Lincolnshire Housing Partnership (LHP), the owner of the property, widened the front and interior doors to cater to the man’s needs. Sadly, the backdoor remains inaccessible. Hence, Burns cannot go and sit in his garden. The LHP states that they have launched “their own formal investigation,” arriving at the conclusion that it was unnecessary “to make adjustments” to the property’s rear. The LHP informed Burns that they can only provide one exit. 

 

Image credit: Grimsby Telegraph/MEN Media via Metro


Burns described the authority’s conclusion as a lottery, as he found out that “some people get two.” “If there’s a fire at the front of the house and that is blocked, the fire service said they’d have difficulty getting me out because I’m a big guy,” he conjectures. All the man wanted “was to get settled and sorted out.”

Burns adds, “They made the house 90 per cent perfect, but what they didn’t do was a door entry system and I’m doubly incontinent so if I need to let someone in of a night I might not be in the best state." He is trying to lose weight, stating that he has lost 50 lbs since taking medication for his diabetes after being diagnosed with the condition in 2018. 

 

Image credit: Grimsby Telegraph/MEN Media via Metro

 

In Burns’ perspective, he feels discriminated against because of his weight.
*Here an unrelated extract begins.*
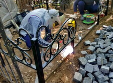 Монтируем оградку, вваривая согласованные с клиентом уголки. По низу пускаем металлическую ленту, которая обозначит границу выложенной брусчаткой территории.
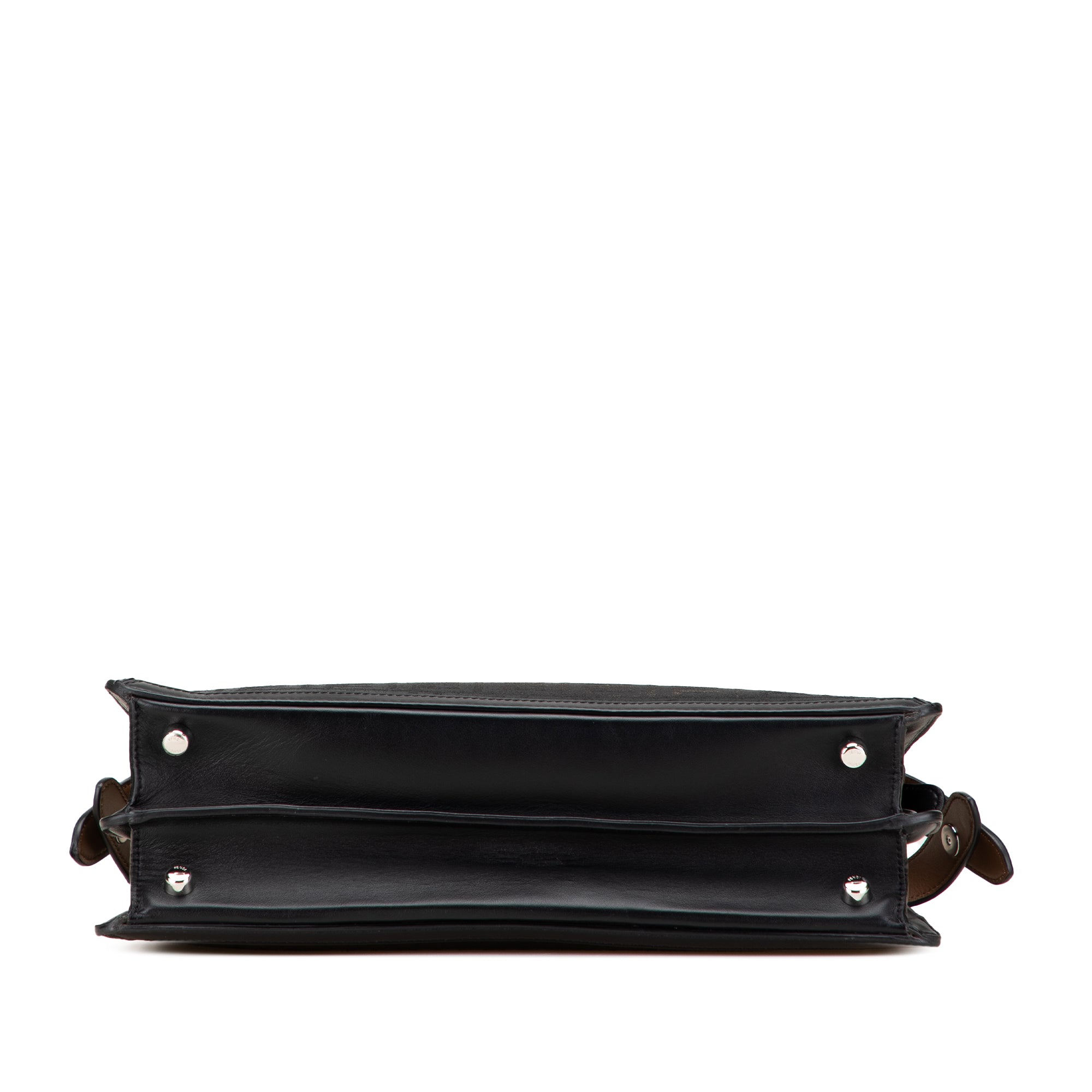 This business bag features a canvas body with leather trim, a flat leather top handle, a detachable flat leather strap, an open top with clasp closure, a zip compartment, and a detachable interior zip pouch. Retail Price: 6100.00

Perhaps he may have been prioritized if he were afflicted with another disability, Burns admits. Being unable to get fresh air worsens his depression and organizations resort to fat-shaming instead of lending a hand.

Fortunately, a spokesperson from the LHP decided to launch a formal independent investigation to address Burns’ concerns regarding fire safety. “We value all our customer feedback, and aim to support all our customers, particularly those with disabilities, to ensure that they have a home that is suitable for their needs,” the LHP states.